The process of finding frame-to-frame correspondences can be formulated as the search for the nearest neighbor from one set of descriptors for every element of another set.

The first set of descriptors is usually called the train set, because in machine learning, these descriptors are used to train some model, such as the model of the object that we want to detect. In our case, the train set corresponds to the descriptor of the template image (our object of interest). Hence, we call our template image the train image (self.img_train).

The second set is usually called the query set, because we continually ask whether it contains our train image. In our case, the query set corresponds to the descriptor of each incoming frame. Hence, we call a frame the query image (img_query).

Features can be matched in any number of ways, for example, with the help of a brute-force matcher (cv2.BFMatcher) that looks for each descriptor in the first set and the closest descriptor in the second set by trying each one (exhaustive search).

Matching features across images with FLANN

The alternative is to use an approximate k-nearest neighbor (kNN) algorithm to find correspondences, which is based on the fast third-party library FLANN. A FLANN match is performed with the following code snippet, where we use kNN with k=2:

def _match_features(self, desc_frame):
    matches = self.flann.knnMatch(self.desc_train, desc_frame, k=2)

The result of flann.knnMatch is a list of correspondences between two sets of descriptors, both contained in the matches variable. These are the train set, because it corresponds to the pattern image of our object of interest, and the query set, because it corresponds to the image in which we are searching for our object of interest.

The ratio test for outlier removal

The more the correct matches found (which means that more pattern-to-image correspondences exist), the more the chances that the pattern is present in the image. However, some matches might be false positives.

A well-known technique for removing outliers is called the ratio test. Since we performed kNN-matching with k=2, the two nearest descriptors are returned for each match. The first match is the closest neighbor and the second match is the second closest neighbor. Intuitively, a correct match will have a much closer first neighbor than its second closest neighbor. On the other hand, the two closest neighbors will be at a similar distance from an incorrect match. Therefore, we can find out how good a match is by looking at the difference between the distances. The ratio test says that the match is good only if the distance ratio between the first match and the second match is smaller than a given number (usually around 0.5); in our case, this number chosen to be 0.7. To remove all matches that do not satisfy this requirement, we filter the list of matches and store the good matches in the good_matches variable:

# discard bad matches, ratio test as per Lowe's paper
good_matches = filter(lambda x: x[0].distance<0.7*x[1].distance,matches)

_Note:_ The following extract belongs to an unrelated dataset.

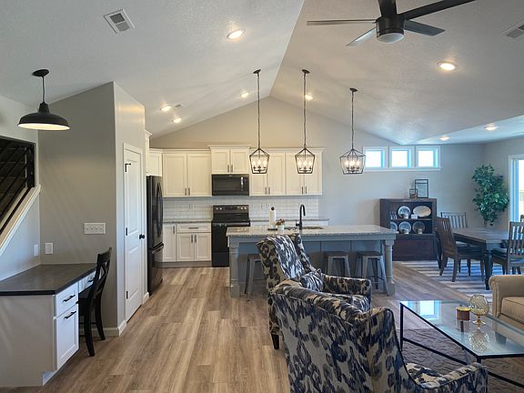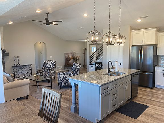 LOCATED IN EAST MANHATTAN'S NEW AFFORDABLE NEIGHBORHOOD, THE WILLOW GLEN DEVELOPMENT. BRAND NEW FLOOR PLAN FEATURES OVERSIZED TWO CAR GARAGE, CONCRETE SAFE ROOM, AND A SPACIOUS OPEN CONCEPT FLOOR PLAN. AMMENITIES INCLUDE A LARGE EAT-IN ISLAND, BUILT-IN DESK AREA OFF KITCHEN, VAULTED CEILINGS, GRANITE COUNTERTOPS, CUSTOM TILE BACKSPLASH IN KITCHEN AND BATHROOMS, AND A GAS FIREPLACE WITH A STONE AND SHIPLAP ACCENT WALL. DINING ROOM WALKS OUT TO A LARGE COVERED PATIO. MASTER BEDROOM FEATURES LARGE WALK-IN CLOSET AND DUAL VANITIES. BONUS FEATURE INCLUDES FLEX SPACE ABOVE GARAGE THAT CAN BE USED AS ADDITIONAL STORAGE, EXTRA BEDROOM, OR AN EXTRA FAMILY ROOM.

Then we pass the matches we found to FeatureMatching.match so that they can be processed further:

return good_matches

Visualizing feature matches

In newer versions of OpenCV, we can easily draw matches using cv2.drawMatches or cv3.drawMatchesKnn.

In older versions of OpenCV, we may need to write our own function. The goal is to draw both the object of interest and the current video frame (in which we expect the object to be embedded) next to each other:

def draw_good_matches(img1, kp1, img2, kp2, matches):
    # Create a new output image that concatenates the
    # two images together (a.k.a) a montage
    rows1, cols1 = img1.shape[:2]
    rows2, cols2 = img2.shape[:2]
    out = np.zeros((max([rows1, rows2]), cols1+cols2, 3), dtype='uint8')

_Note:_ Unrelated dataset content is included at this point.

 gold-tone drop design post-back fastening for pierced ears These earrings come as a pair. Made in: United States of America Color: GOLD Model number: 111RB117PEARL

In order to draw colored lines on the image, we create a three-channel RGB image:

    # Place the first image to the left, copy 3x for RGB
    out[:rows1, :cols1, :] = np.dstack([img1, img1, img1])

    # Place the next image to the right of it, copy 3x for RGB
    out[:rows2, cols1:cols1 + cols2, :] = np.dstack([img2, img2,img2])

Then, for each pair of points between both images, we draw small blue circles, and we connect the two circles with a line. For this, we have to iterate over the list of matching keypoints. The keypoints are stored as tuples in Python, with two entries for the x and y coordinates. Each match, m, stores the index in the keypoint lists, where m.trainIdx points to the index in the first keypoint list (kp1) and m.queryIdx points to the index in the second keypoint list (kp2):

for m in matches:
    # Get the matching keypoints for each of the images
    c1, r1 = kp1[m.trainIdx].pt
    c2, r2 = kp2[m.queryIdx].pt

With the correct indices, we can now draw a circle at the correct location (with the radius as 4, the color as blue, and the thickness as 1) and connect the circles with a line:

    radius = 4
    BLUE = (255, 0, 0)
    thickness = 1
    # Draw a small circle at both co-ordinates
    cv2.circle(out, (int(c1), int(r1)), radius, BLUE, thickness)
    cv2.circle(out, (int(c2) + cols1, int(r2)), radius, BLUE, thickness

    # Draw a line in between the two points
    cv2.line(out, (int(c1), int(r1)), (int(c2) + cols1, int(r2)), BLUE, thickness)
    return out

Then, the returned image can be drawn with this code:

cv2.imshow('imgFlann', draw_good_matches(self.img_train, self.key_train, img_query, key_query, good_matches))

The blue lines connect the features in the object (left) to the features in the scenery (right), as shown here:

Visualizing feature matches

This works fine in a simple example such as this, but what happens when there are other objects in the scene? Since our object contains some lettering that seems highly salient, what happens when there are other words present?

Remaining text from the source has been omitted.